Environment:Eric mitchell Direct preference optimization Python Dependencies
| Knowledge Sources | |
|---|---|
| Domains | Infrastructure |
| Last Updated | 2026-02-08 02:00 GMT |
Overview
Python 3.8+ environment with Hydra 1.3.2, HuggingFace Datasets 2.12.0, W&B 0.15.3, and supporting libraries for configuration, data loading, and experiment tracking.
Description
This environment provides the Python runtime and non-PyTorch dependencies required to run the DPO training pipeline. It includes Hydra for composable YAML-based configuration with CLI overrides, HuggingFace Datasets for downloading and caching preference datasets (Anthropic-HH, Stanford Human Preferences, StackExchange), Weights & Biases for experiment logging, and BeautifulSoup4 for HTML parsing of StackExchange data. These packages form the data and configuration layer of the training pipeline.
Usage
Use this environment for configuration management (Hydra-based config resolution and CLI overrides) and data pipeline operations (dataset downloading, caching, HTML stripping, batch iteration). Required as a prerequisite for any training or evaluation workflow.
System Requirements
| Category | Requirement | Notes |
|---|---|---|
| OS | Linux, macOS, or Windows | Cross-platform Python packages |
| Python | 3.8+ | Recommended in README |
| Network | Internet access (first run) | Required to download datasets from HuggingFace Hub; cached locally after first download |
| Disk | 10GB+ | For dataset caches (Anthropic-HH ~300MB, SHP ~2GB, SE ~10GB+) |
Dependencies
Python Packages
- `hydra-core` == 1.3.2
- `datasets` == 2.12.0
- `wandb` == 0.15.3
- `beautifulsoup4` == 4.12.2
- `ipykernel` == 6.23.1
Credentials
The following environment variables may be needed:
- `WANDB_API_KEY`: Weights & Biases API key for experiment logging. Required if `wandb.enabled=true` (default).
- `WANDB_CACHE_DIR`: Set automatically by code (train.py:L31) to local cache directory.
Quick Install
# Create virtual environment (recommended)
python3 -m venv env
source env/bin/activate
# Install all dependencies
pip install -r requirements.txt
# Or install individually
pip install hydra-core==1.3.2 datasets==2.12.0 wandb==0.15.3 beautifulsoup4==4.12.2 ipykernel==6.23.1
Code Evidence
Hydra configuration entry point in `train.py:48-53`:
@hydra.main(version_base=None, config_path="config", config_name="config")
def main(config: DictConfig):
"""Main entry point for training."""
OmegaConf.resolve(config)
missing_keys: Set[str] = OmegaConf.missing_keys(config)
if missing_keys:
raise ValueError(f"Got missing keys in config:\n{missing_keys}")
Dataset loading via HuggingFace Datasets in `preference_datasets.py:141-142`:
print(f'Loading HH dataset ({split} split) from Huggingface...')

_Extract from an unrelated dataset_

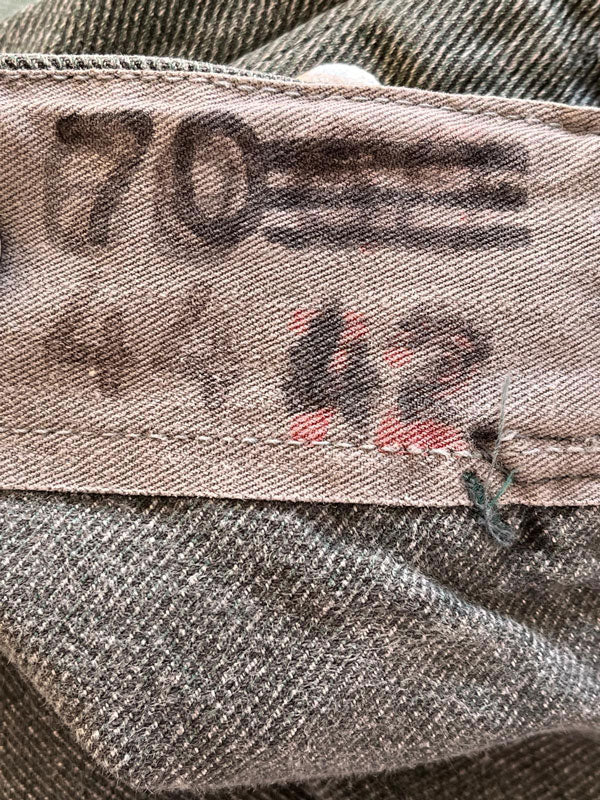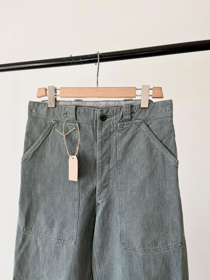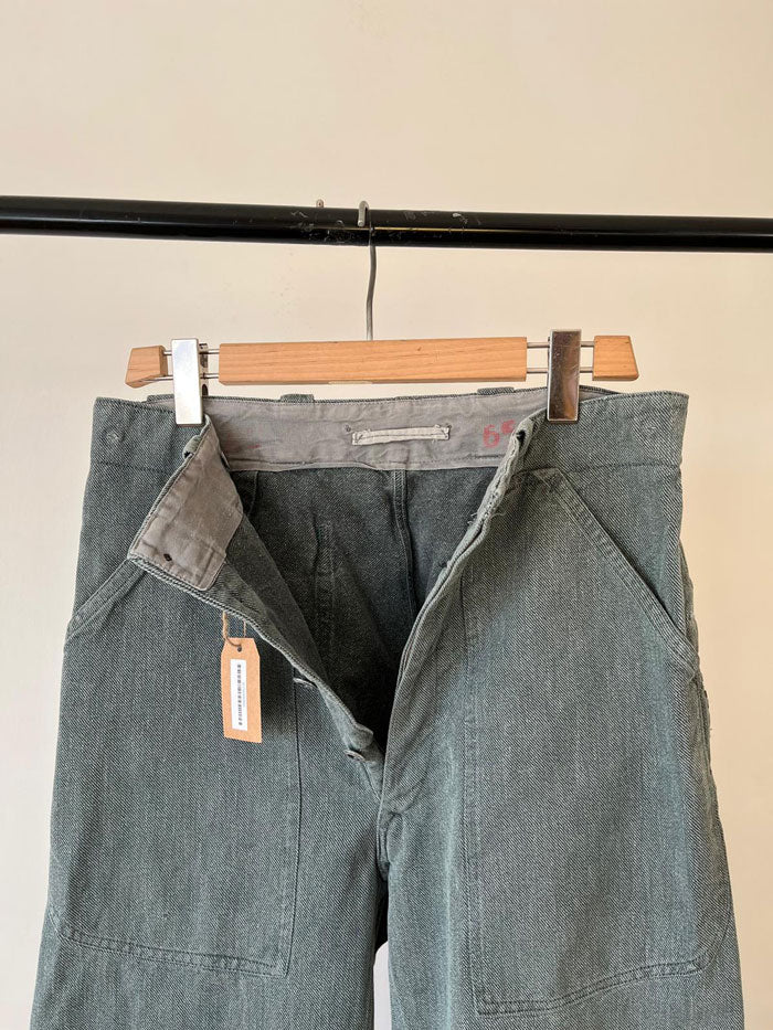 Pantalon de travail de l'armée suisse en denim produit pour le gouvernement des années 1950 aux années 1990 et utilisé principalement par l'armée suisse et les gardiens de prison.

dataset = datasets.load_dataset('Anthropic/hh-rlhf', split=split, cache_dir=cache_dir)
W&B initialization in `train.py:30-38`:
if rank == 0 and config.wandb.enabled:
os.environ['WANDB_CACHE_DIR'] = get_local_dir(config.local_dirs)
wandb.init(
entity=config.wandb.entity,
project=config.wandb.project,
config=OmegaConf.to_container(config),
dir=get_local_dir(config.local_dirs),
name=config.exp_name,
)
BeautifulSoup HTML stripping for StackExchange data in `preference_datasets.py:23-43`:
def strip_html_tags(html_string):
"""Strip HTML tags from a string, except for <code> tags."""
soup = BeautifulSoup(html_string, 'html.parser')
text = []
for element in soup.children:
if isinstance(element, NavigableString):
continue
if element.name == 'p':
text.append(''.join(child.string for child in element.children if isinstance(child, NavigableString)))
Common Errors
| Error Message | Cause | Solution |
|---|---|---|
| `ValueError: Got missing keys in config` | Required Hydra config keys not provided | Pass all required keys via CLI overrides (e.g., `exp_name=my_experiment`) |
| `wandb.errors.UsageError: api_key not configured` | W&B API key not set | Run `wandb login` or set `WANDB_API_KEY`, or disable with `wandb.enabled=false` |
| `ConnectionError: Couldn't reach HuggingFace Hub` | No internet access for dataset download | Ensure network access or pre-download datasets to `cache_dir` |
Compatibility Notes
- Debug Mode: Setting `debug=true` disables W&B logging and model checkpointing (train.py:L27-28).
- Local Dirs: The code tries directories in order from `config.local_dirs` (default: `/scr-ssd`, `/scr`, `.cache`) and uses the first one that exists.
- Dataset Caching: All datasets are cached locally after first download. Cache location is determined by `local_dirs` config.